[SUPPLIED INFORMATION — start]
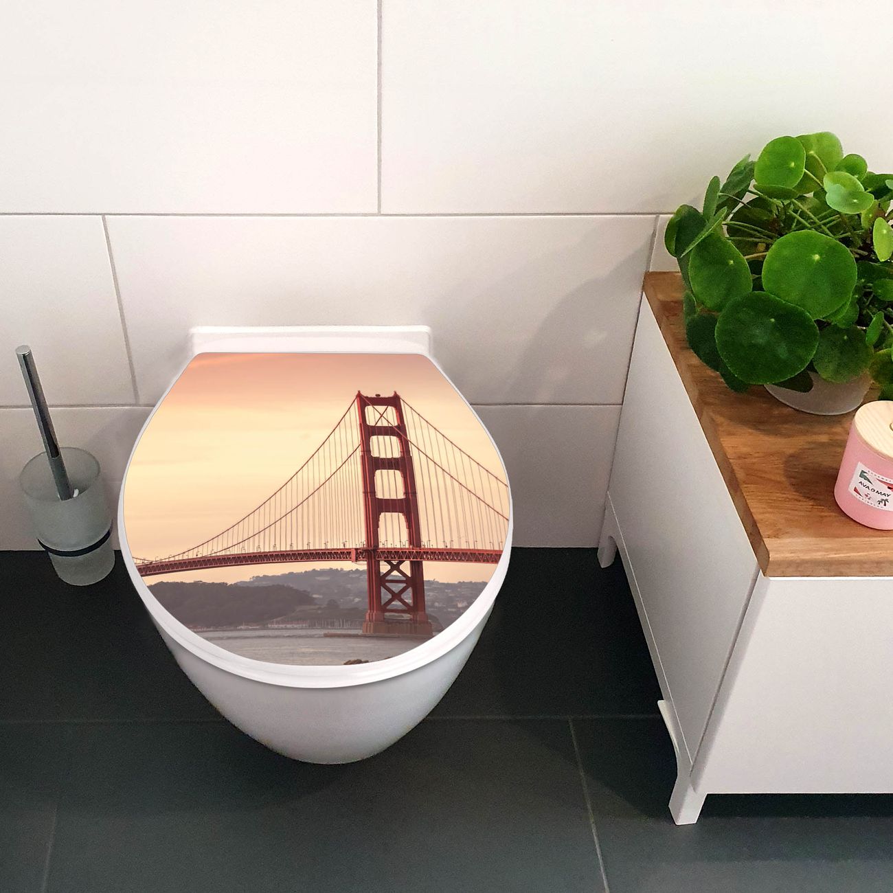 Toilettendeckel weiß mit Absenkautomatik Motiv Golden Gate Bridge 2
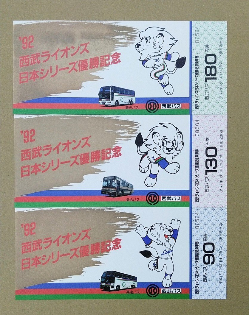 【送料無料!】西武ライオンズ 1992日本シリーズ優勝記念 西武バス乗車券 3枚
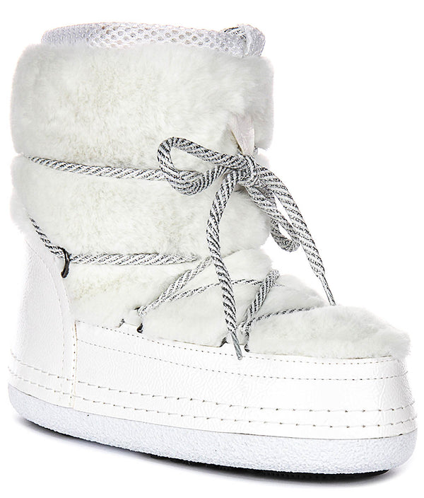 The trainers feature a mid-rise boot design, which provides added warmth and coverage during colder days. The fur-like details on the trainer's upper and inner lining make it a cosy choice, ideal for cooler seasons. The addition of two-tone laces not only secures the fit but also complements the overall aesthetic with a playful, sporty touch.
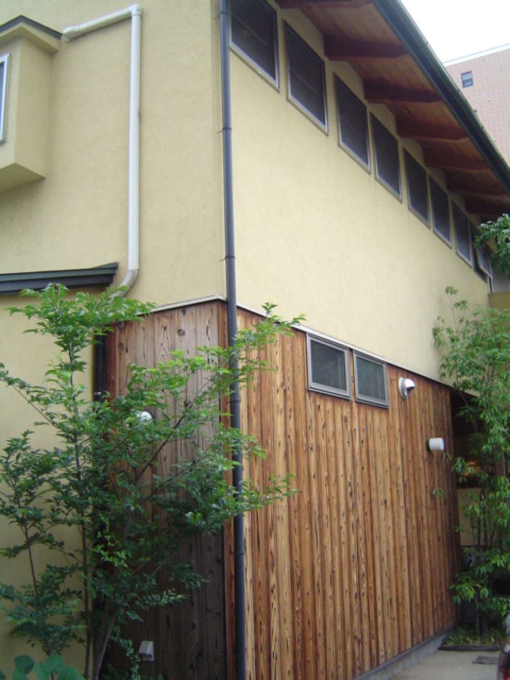 上記の写真は、弊社がお世話させていただいた松山市内の物件で施工後約5年経過した南側と西側の美杉です。
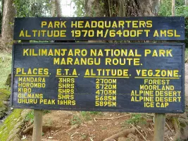 Departing from Moshi a 1-hour drive will take you through the Village of Marangu to the Kilimanjaro National Park Gate. We will patiently wait for our permits to be issued while watching the hustle and bustle of operations as many crews prepare for the journey ahead Enjoy the beautiful rainforest scenery and windy trails while your guide tells you about the local flora and fauna and natural wildlife. At these lower elevations, the trail can be muddy and quite slippery. We highly recommend gaiters and trekking poles here.
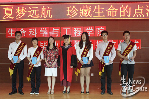 ,感恩交大母校。作为教师代表,2010级生物信息学2班班导师李琳副教授送上对毕业生们的祝福,希望大家毕业后能够成为各行各业的千里马,驰骋在祖国的大江南北,为学院、学校争光。现任辉瑞制药有公司零售西南大区成都地区经理、优秀校友代表06级制药工程汤惠上台发言,鼓励大家在以后的生活中更要坚持自己的梦想,让自己变得更加优秀。
[SUPPLIED INFORMATION — finish]
PROMPT:
Pictures stay out; reproduce every line of the records exactly.

EXERCISE RESULT:
 Toilettendeckel weiß mit Absenkautomatik Motiv Golden Gate Bridge 2
 【送料無料!】西武ライオンズ 1992日本シリーズ優勝記念 西武バス乗車券 3枚
 The trainers feature a mid-rise boot design, which provides added warmth and coverage during colder days. The fur-like details on the trainer's upper and inner lining make it a cosy choice, ideal for cooler seasons. The addition of two-tone laces not only secures the fit but also complements the overall aesthetic with a playful, sporty touch.
 上記の写真は、弊社がお世話させていただいた松山市内の物件で施工後約5年経過した南側と西側の美杉です。
 Departing from Moshi a 1-hour drive will take you through the Village of Marangu to the Kilimanjaro National Park Gate. We will patiently wait for our permits to be issued while watching the hustle and bustle of operations as many crews prepare for the journey ahead Enjoy the beautiful rainforest scenery and windy trails while your guide tells you about the local flora and fauna and natural wildlife. At these lower elevations, the trail can be muddy and quite slippery. We highly recommend gaiters and trekking poles here.
 ,感恩交大母校。作为教师代表,2010级生物信息学2班班导师李琳副教授送上对毕业生们的祝福,希望大家毕业后能够成为各行各业的千里马,驰骋在祖国的大江南北,为学院、学校争光。现任辉瑞制药有公司零售西南大区成都地区经理、优秀校友代表06级制药工程汤惠上台发言,鼓励大家在以后的生活中更要坚持自己的梦想,让自己变得更加优秀。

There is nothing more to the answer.